Smile Politely

I’ve got to be a Macho Man Pt. 2

This is the second and final part of Jared’s account of what it means to be gay and masculine, and why it’s not a gay issue, but a human one. To catch up, read part 1.

As a kid I was curious as to why he couldn’t say them, so I just keep asking, “do you love me grandpa?”, and his response would be, “I take care of you, don’t I?” But why does showing love have to come in the form of providing something material rather then a hug, or simply saying, I love you?

I would press my grandpa on this issue more and more, and sometimes I would say, “I love you grandpa” and he would respond back, “I love you too.” My eyes would light up, then suddenly he would realize what he had said, and then he would say, “I didn’t mean to say that. I take it back!” We would laugh cause I caught him off guard and I knew he was joking.

But this is what being a man means­: always having your emotional guard up even with your family.

My grandpa also never cried. He never talked about his feelings or showed us that he worried. He held up these illusionary imagines of a “real man.” He died at the age of 70 from a stroke. He had shortness of breath on a Thursday. I could see the worry in his eyes, but he just sat down and didn’t talk about it anymore. He waited till Monday to go to the hospital but by that time it was too late.

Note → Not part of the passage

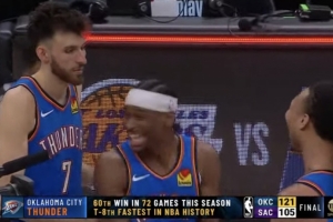 体育资讯3月26日讯 NBA常规赛,雷霆赛季3-0横扫国王,战绩来到60胜12负。

Now, I knew my grandpa loved me, but he found it so hard to express it beyond saying, “I take care of you.”

This was my first introduction to what a man was supposed to be. Not being able to be emotionally exposed, not being able to cry, to feel weak or lonely.

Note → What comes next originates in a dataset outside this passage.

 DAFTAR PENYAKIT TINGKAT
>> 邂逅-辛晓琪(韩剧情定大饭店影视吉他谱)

And even to this day I have a hard time telling people, outside my family, that I love them or I need their help, if I do tell them it’s usually proceeded by a joke.

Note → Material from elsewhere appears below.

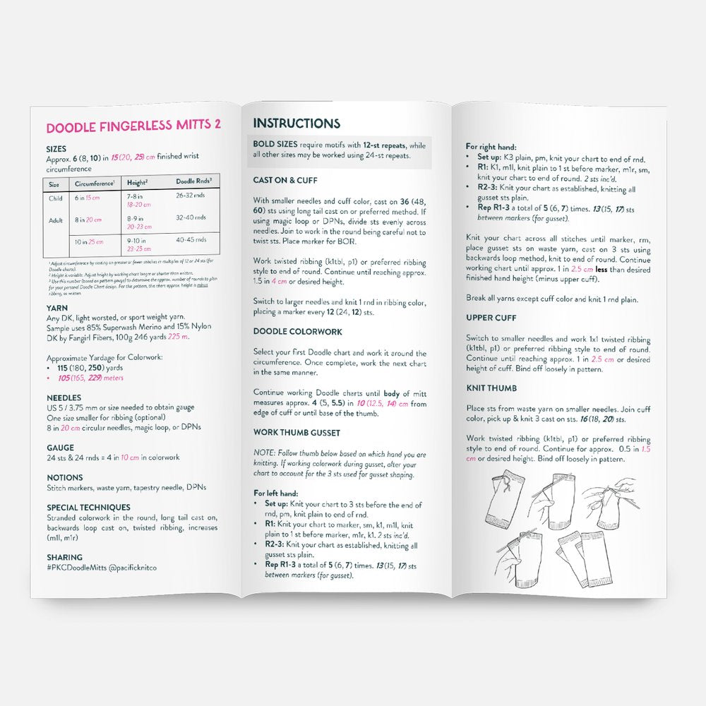 The BASE DOODLE FINGERLESS MITTS 2 will keep your hands cozy while sporting your favorite colorwork motifs! The simple shape and easy construction makes these a fast, satisfying project! You can get as creative as you want with patterns, textures, or just knit it plain. The options are endless!

My grandpa died my freshman year of college. I noticed my younger brother becoming more engrained into this idea of being a “real man.” He would always try to financially support the whole family, mom, grandma and me. We would often discuss how he felt that he had to be the man-of-the-house and it’s his job to be the provider for the family.

Truth be told, our grandma was the provider for the family. She took care of most of the needs around the house. My brother, however, couldn’t escape this image that he was the one that should be the provider. He was only 17, but most of his money that he earned went to buying groceries and fixing the car. He chose to stay at home and attend college rather then leaving. He didn’t want to leave mom and grandma all alone. Sometimes I would find him in a moment of tears. He felt that he wasn’t doing enough, that he had to be better. But be better at what, I would ask? He is still like this to this day, but if you asked him would he change anything, he would reply no-this is his family-he is going to take care of them.

I was a complete introvert and spent most of my high school years isolated from my family. From high school until my early days in college I didn’t express much. I was very repressed.

Many people talk about repression but I don’t think they understand how it feels. Repression feels like your hands are tied behind your back, your mouth is glued shut and no matter how many people say they love you or show it, you can’t respond.

A hug was met with a look as if this person was invading my space. I love you, meant nothing. When asked, “what’s going on” it was replied with a simple and cold, “nothing, everything’s fine”. Any gesture as to how I should live my life received the sharpness criticisms. Nobody could do anything right except me. It’s as if I walked around with the words “FUCK YOU!” stamped on my forehead.

In high school I was always very afraid of appearing weak. I knew I was gay and I knew gays were treated like shit. So, I tried to get involved in sports, I joined JROTC, I always tried to date/sleep with girls. This is what I thought a man should be: a sexist emotionless playboy. It did not work and the more I tried, the more I failed at it. I spent all of my high school years and most of my college years running away from myself. The more I tried to escape the more angry I got and I took that anger out on my family.

It wasn’t until I came out of the closet that I saw new ideas of masculinity. I have found the LGBTQ community is constantly challenging these roles of what a man and woman should be in society.

What I find most perplexing in addressing masculinity is that many men really want to connect and go deeper with their feelings, but they don’t know how. To be honest, society doesn’t have a space for men to express freely. But if we are ever to really address issues such as sexism and homophobia, we have to challenge masculinity and what it means to be a “real man.”